Distributed Object Storage
CEPH clients and MDS view ODS clusters as a single logical object store and namespace. Ceph’s RADOS (Reliable Autonomic Distributed Object Store) achieves linear scaling in both capacity and aggregate performance by delegating management of object replication, cluster expansion, failure detection and recovery to OSDs in a distributed fashion. Ceph first maps objects to placement groups (PG). Placement groups are then assigned to OSDs using CRUSH (Controlled Replication Under Scalable Hashing) a pseudo-random data distribution function that efficiently maps each PG to an ordered list of OSDs upon which to store object replicas. CRUSH maps PGs onto OSDs based on placement rules which determines the level of replication and any constraints on placement like using OSDs on different racks.
When a client sends write requests for an object, it is sent to the one of the OSD in the object’s PG which in-turn sends the write to additional replication OSDs. Once the replication OSDs had applied the changes they respond to the primary OSD which in-turn applies the writes and acknowledges the client. While this ack is generated when all the OSDs update the in-memory cache and a second ack is sent to the client when the changes are persisted to make sure that the changes can withstand failures. The client buffers the writes until the second ack is received to avoid data loss. Client read requests are sent to the primary OSD in the PG.
Instead of relying on the local filesystem like ext3, Ceph manages its local object datastore using EBOFS (Extent and B-Tree based Object File System). EBOFS is implemented entirely in user space and interacts directly with raw block devices.

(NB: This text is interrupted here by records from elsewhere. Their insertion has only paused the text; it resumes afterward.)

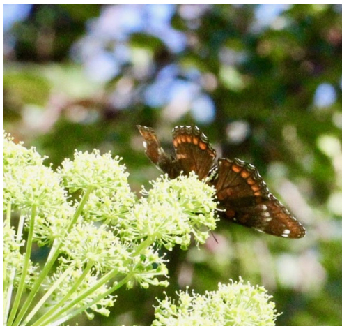
Limenitis arthemis X astyanax hybrid, 28 Jun 2021, 6219 E. Superior St., Duluth, St. Louis Co., MN.
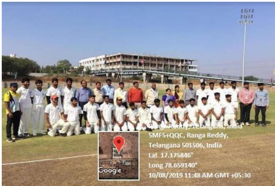
Students from EEE department won the Cricket tournament
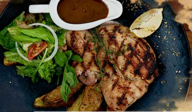
Grilled Chicken 123.000 Marinated chicken with herbs, spices and olive oil
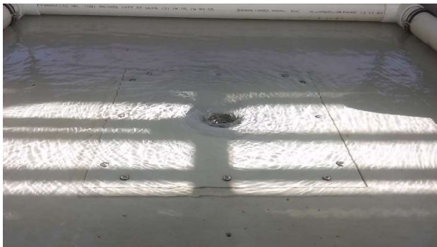
Weir flow – 1 L/s (50mm)
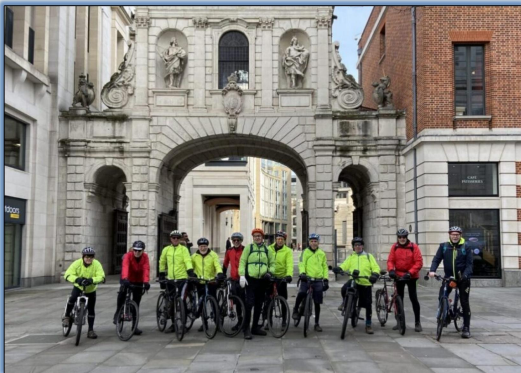
Cycling Group at Temple Bar (and no, you can't get a pint there!)
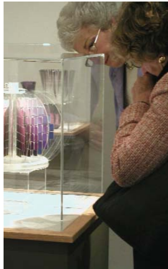
Figure 1: Munsell Color Wheel

A Newsletter by Informedesign. A Web site for design and human behavior research.
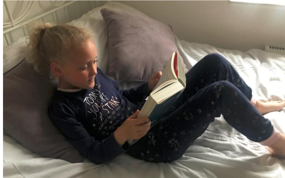
Read a non-fiction book.
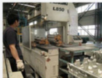
引擎缸體冒口鋸切 Sprue of engine cutting
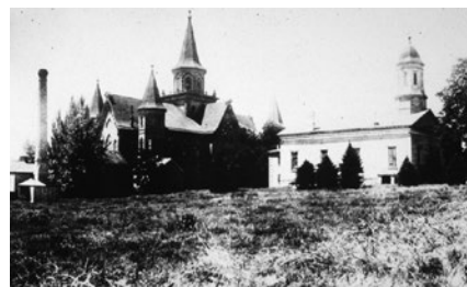
The 1885 tabernacle with central spire, left; the 1867 tabernacle, right. View from Center Street looking southeast.

drawings provided by Truman Angell, the LDS Church architect who also designed the Salt Lake Temple. Before much work had been completed, however, Brigham Young visited the area in 1852 and suggested moving the site of the tabernacle about two miles east, to where Provo’s current tabernacle park is, at the intersection of University and Center Streets. This site was on the outskirts of what had become a fairly substantial town, and it began a controversy among many of the area’s residents who were used to the Mormon custom of having their most important public buildings in the city’s center.
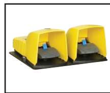
Electric Foot Pedals PEDAL-KC1
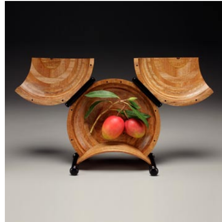
"It Takes Two to Mango" by Ray Jones and Jim Sams - Photo by Tim Barnwell

Southern Highland Craft Guild, Biltmore Village , 26 Lodge Street, former Biltmore Oteen Bank Building in Biltmore Village, Asheville. Ongoing - Featuring a wide range of work by members of the Southern Highland Craft Guild. including: pottery, glass, wood, jewelry, fiber, metal, paper, mixed media and natural materials. Hours: Mon.-Sat., 10am-7pm & Sun. noon-5pm. Contact: 828-277-6222 or at (www.craftguild.org).
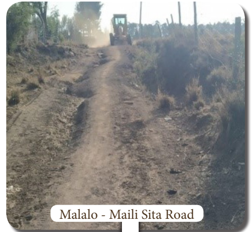
Malalo - Maili Sita Road
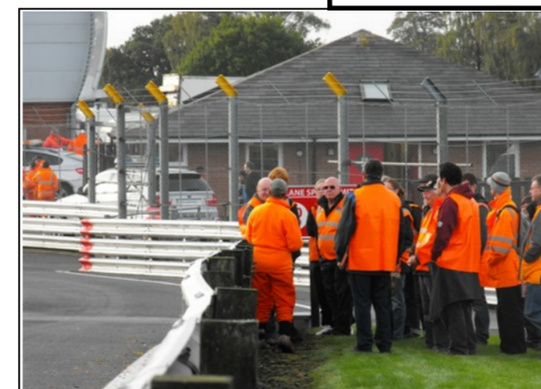
Start of the morning walkabout by the Pit Entry Lane then across the track.
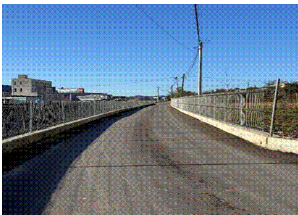
Figure 2: Photo completed of ancillary road in Bexull, January 2026

In January 2026, IPAM conducted a final monitoring visit to verify completion of the access solution. The ancillary road was fully constructed and functional for vehicular traffic, and the underpass near the mosque was confirmed by both the Client and Requesters to be serving pedestrians and small vehicles as intended. IPAM verified that the temporary arrangement, the continued use of the level crossing, had remained in place until the permanent solution became operational. The team also confirmed that the landowners who were due to receive compensation due to the partial expropriation of their land were informed that the documents were submitted to the Council of Ministers. However, they noted their understanding that the compensation process and amount is out of scope of IPAM's work. The visit also confirmed continued communication between the Parties and that the commitments under the Problem Solving Agreement had been substantially fulfilled.
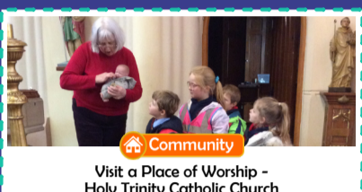
Community Visit a Place of Worship - Holy Trinity Catholic Church

Failure Detection and Recovery
OSDs in a PG monitor liveness of other OSDs. While replication acts as a passive confirmation of liveness, when an OSD is not heard from a peer recently, an explicit ping is sent. Non-responsive OSD is marked as down
initially and if the OSD doesn’t recover quickly it is marked asout
and another OSD joins PG to re-replicate its contents. Clients which have pending operations with the failed OSD will resubmit the request to the new primary. By marking OSDs as down
, RADOS prevents initiating widespread data re-replication. Failures like disk failures or data corruption OSDs self report them.
To identify transient failures and system wide failures, a small cluster of monitors collects failure reports. Monitors provide an updated cluster map when failures are identified and they are distributed via the inter OSD communication. When an active OSD receives an updated cluster map, it iterates over all locally stored placement groups and calculates the CRUSH mapping to determine which ones it is responsible for, either as a primary or replica. If the OSD is the primary for the PG, it collects current (and former) replicas’ PG versions. If the primary lacks the most recent PG state, it retrieves the log of recent PG changes from current or prior OSDs in the PG in order to determine the correct (most recent) PG contents. The primary then sends each replica an incremental log update, such that all parties know what the PG contents should be, even if their locally stored object set may not match. Only after the primary determines the correct PG state and shares it with any replicas is I/O to objects in the PG permitted. OSDs are then independently responsible for retrieving missing or outdated objects from their peers. If an OSD receives a request for a stale or missing object, it delays processing and moves that object to the front of the recovery queue.